1. **Define your state struct.**
2. **Create a layer that adds the state to the request's extensions.**
3. **Create a custom extractor to retrieve the state in your handler.**
```rust
// 1. Define state
#[derive(Clone)]
struct AppState {
db_pool: Arc<DbPool>,
}
// 2. See `examples/state.rs` for a full implementation of
// the layer and extractor for state management.
// 3. Use in handler
async fn get_users_from_db(State(state): State<AppState>) -> Result<Response> {
// Use `state.db_pool`
Ok(Response::new("..."))
}
```
*Note: The `State` extractor is a common pattern that would need to be implemented as a custom extractor.*
### Custom Extractors
You can create your own extractors by implementing the `FromRequest` trait. This allows you to create reusable components for extracting any information from a request.
```rust
use async_trait::async_trait;
use oxidized::{Error, FromRequest, Request};
struct ApiKey(String);
#[async_trait]
impl FromRequest for ApiKey {
type Rejection = Error;
async fn from_request(req: &mut Request) -> Result<Self, Self::Rejection> {
if let Some(key) = req.inner().headers().get("x-api-key") {
Ok(ApiKey(key.to_str().unwrap().to_string()))
} else {
Err(Error::Unauthorized)
}
}
}
// Handler using the custom extractor
async fn protected_route(api_key: ApiKey) -> Result<Response> {
// `api_key` is now available
Ok(Response::new("Access Granted"))
}
```
### WebSocket Integration
Oxidized provides first-class support for WebSockets.
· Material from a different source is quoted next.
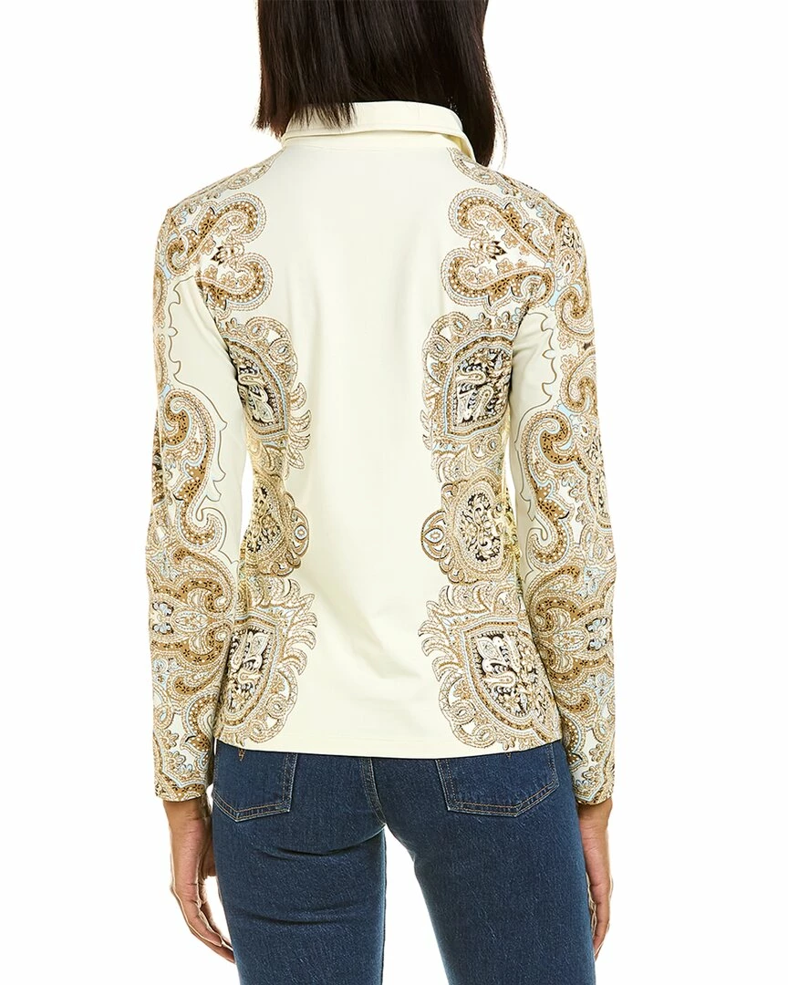 - Lauderdale Catalina Cloth Polo Shirt in off white & tan insignia paisley with spread collar and 3/4-length sleeves
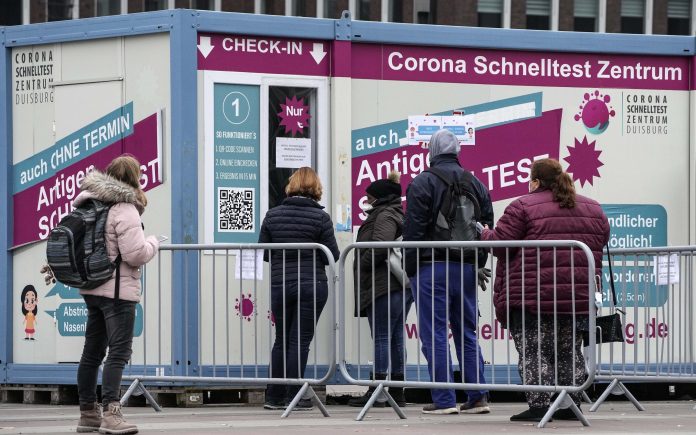 A partir de 1º de maio, pacientes com Covid-19 na Alemanha serão apenas aconselhados a manter isolamento por cinco dias. Exceção são profissionais da saúde e cuidadores. Pessoas esperam em fila para fazerem testes rápidos de antígeno de Covid-19 em Duisburg, na Alemanha, em 25 de janeiro de 2022

You can upgrade an HTTP connection to a WebSocket connection using the `.ws()` method on the `Router`.
```rust
use oxidized::{Router, ws::{Message, WebSocket}};
async fn websocket_handler(mut ws: WebSocket) {
while let Some(Ok(msg)) = ws.recv().await {
if let Message::Text(text) = msg {
if ws.send(Message::Text(format!("Echo: {}", text))).await.is_err() {
break;
}
}
}
}
// In your router setup:
let router = Router::new().ws("/ws", websocket_handler);
```
---
## 4. Putting It All Together
### A Complete JSON API Example
This example demonstrates a simple in-memory JSON API with routing, state management, and middleware.
```rust
use oxidized::{
extractor::Json,
middleware::LogLayer,
Response, Result, Router, Server,
};
use serde::{Deserialize, Serialize};
use std::{
collections::HashMap,
net::SocketAddr,
sync::{Arc, RwLock},
};
// In-memory database
type Db = Arc<RwLock<HashMap<u32, User>>>;
#[derive(Serialize, Deserialize, Clone)]
struct User {
id: u32,
username: String,
}
// State for our application
#[derive(Clone)]
struct AppState {
db: Db,
}
// Custom State extractor (implementation required)
// struct State<T>(T);
async fn get_users(/* State(state): State<AppState> */) -> Result<Response> {
// In a real implementation, you would use the state extractor.
// let users: Vec<User> = state.db.read().unwrap().values().cloned().collect();
// Ok(Response::from_json(&users))
Ok(Response::new("[]")) // Placeholder
}
async fn create_user(
Json(user): Json<User>,
/* State(state): State<AppState> */
) -> Result<Response> {
// state.db.write().unwrap().insert(user.id, user.clone());
// Ok(Response::from_json(&user))
Ok(Response::new("User created")) // Placeholder
}
#[tokio::main]
async fn main() {
let state = AppState {
db: Arc::new(RwLock::new(HashMap::new())),
};
let app = Router::new()
.get("/users", get_users)
.post("/users", create_user)
.layer(LogLayer);
// .layer(StateLayer::new(state)); // Add state layer
let addr = SocketAddr::from(([127, 0, 0, 1], 3000));
println!("Server listening on {}", addr);
Server::new(app, addr).run().await.unwrap();
}
```
This documentation provides the foundation for building robust applications with Oxidized. For more specific details, please refer to the source code and the `rustdoc` API documentation.